The neighborhoods were first organized by the Spanish. “Centro” was for the Spanish with the four oldest areas (barrios) set aside for the indigenous in “La Palmita“, “Ojo de Agua“, “Valle del Maíz” and “Guadiana“.

Street signs in San Miguel de Allende, Mexico. San Miguel de Allende is a UNESCO World Heritage Site.

Street signs in San Miguel de Allende, Mexico. San Miguel de Allende is a UNESCO World Heritage Site.

Colonias” are the areas a bit farther afield from the “jardín“, such as “San Antonio” (the largest neighborhood), “Guadalupe” (named for the wife of the owner of the factory that is now an art gallery), and others.

The word “fraccionamiento” is used for a planned development while enfondant implies an area of similar looking houses built at the same time and assigned to owners as part of the Mexican mortgage system.  Assuming you’ve steady work, and are under a certain age (normally 35 so you live long enough to pay off your mortgage), you qualify to buy one of these low cost houses over a 20 or 30 year loan.

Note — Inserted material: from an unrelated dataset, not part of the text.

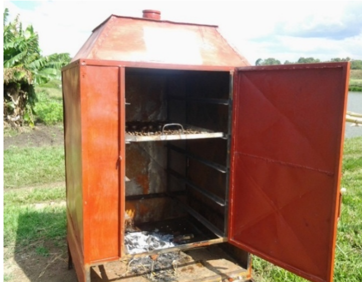
Figure 2: The modified fish smoking kiln

The smoking chamber held 5 tiers of trays made from mild steel (1.2mm) with 4 legs to raise it from the ground for free circulation of air during smoking and to allow it be stable when in use.

Why I mention all this is because neighborhood names repeat themselves and if you want a taxi to take you enfondant “La Luz” it is a different place than “fraccionamiento La Luz” and so on.  If you blithely say to the driver “La Luz“, it’s anyone’s guess where you’ll end up!

On to street names….

The Spanish, given their obsession with the local mines and converting the locals, named the streets after Jesus, Mary, the saints and related religious notions like the Immaculate Conception or the Ten Commandments.  Many of these streets were renamed after the revolution from Spain for the local founding fathers like “Aldama”, “Allende” and “Hidalgo“.  (Look at the actual street signs to see what the street was called before in small print under the current name.  Ignore the misspellings and odd use of abbreviations.)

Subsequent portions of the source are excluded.